> _The problem_: Below this line is a listing that includes pictures. Copy exactly, and only, the lines from the one containing "原来临近元旦佳节,全体师生依" through the one containing "Custom 3D Embossing"; the pictures do not go in the copy.

> _Dataset records_:
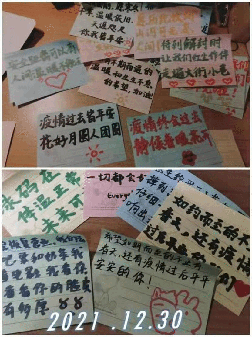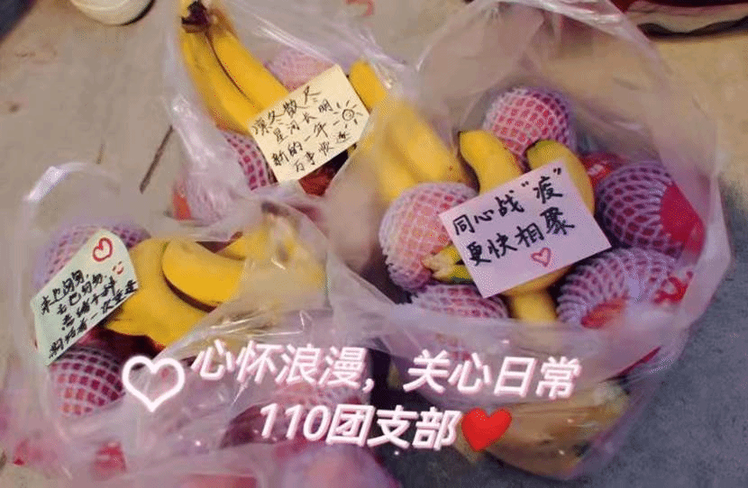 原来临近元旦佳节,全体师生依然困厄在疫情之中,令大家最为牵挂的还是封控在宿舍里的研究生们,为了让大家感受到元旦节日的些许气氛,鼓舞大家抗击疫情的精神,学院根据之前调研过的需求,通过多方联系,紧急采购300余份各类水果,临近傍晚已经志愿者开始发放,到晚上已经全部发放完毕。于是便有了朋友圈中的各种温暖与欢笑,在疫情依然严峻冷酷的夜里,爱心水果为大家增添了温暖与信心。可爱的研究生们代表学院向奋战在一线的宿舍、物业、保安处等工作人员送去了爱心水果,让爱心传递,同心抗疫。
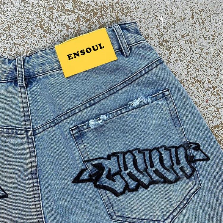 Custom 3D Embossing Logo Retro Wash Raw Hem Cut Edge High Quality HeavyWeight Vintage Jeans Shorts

--

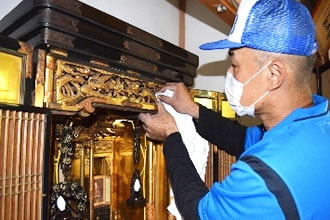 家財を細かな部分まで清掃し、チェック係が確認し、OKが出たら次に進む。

> _Result for this task_:
 原来临近元旦佳节,全体师生依然困厄在疫情之中,令大家最为牵挂的还是封控在宿舍里的研究生们,为了让大家感受到元旦节日的些许气氛,鼓舞大家抗击疫情的精神,学院根据之前调研过的需求,通过多方联系,紧急采购300余份各类水果,临近傍晚已经志愿者开始发放,到晚上已经全部发放完毕。于是便有了朋友圈中的各种温暖与欢笑,在疫情依然严峻冷酷的夜里,爱心水果为大家增添了温暖与信心。可爱的研究生们代表学院向奋战在一线的宿舍、物业、保安处等工作人员送去了爱心水果,让爱心传递,同心抗疫。
 Custom 3D Embossing Logo Retro Wash Raw Hem Cut Edge High Quality HeavyWeight Vintage Jeans Shorts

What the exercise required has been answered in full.